Let's start with an easy problem : What three positive integers have a sum equal to their product?

answer: (1,2,3), of course.

This puzzle can easily be transformed into a D4 problem:

For what values of k will the question "**What k positive integers have a sum equal to their product?**" have only one unique set of integers for an answer?

Clearly for k=2 the answer is unique: (2,2) and so it is for k=4: (1,1,2,4).

List all other values of k below 1000.

(In reply to

A continuation by Steve Herman)

Let S be a set of positive integers whose sum equals its product.

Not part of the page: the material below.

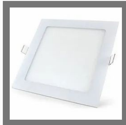
18W Square LED Panel Light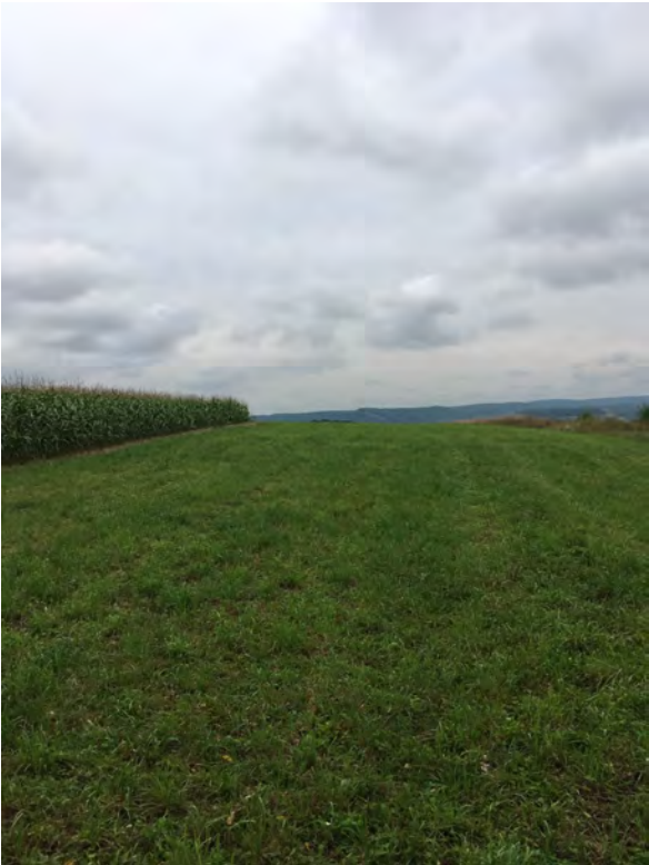
Water storage tank location

Let f1, f2, f3, ..., fn be the members of that set which are greater than 1 (arranged in descending order). Then there are (f1*f2*...*fn) - (f1+f2+...+fn) occurances of 1. Then k = (f1*f2*...*fn) - (f1+f2+...+fn) + n

Continuing specifically with n=3:

x=m, y=z=2: k = 4m-(m+4)+3 = 3m - 1; m>=2 -- 5, 8, 11, 14, ...

x=m, y=3, z=2: k = 6m-(m+5)+3 = 5m - 2; m>=3 -- 13, 18, 23, 28, ...

x=m, y=4, z=2: k = 8m-(m+6)+3 = 7m - 3; m>=4 -- 25, 32, 39, 46, ...

x=m, y=5, z=2: k = 10m-(m+7)+3 = 9m - 4; m>=5 -- 41, 50, 59, ...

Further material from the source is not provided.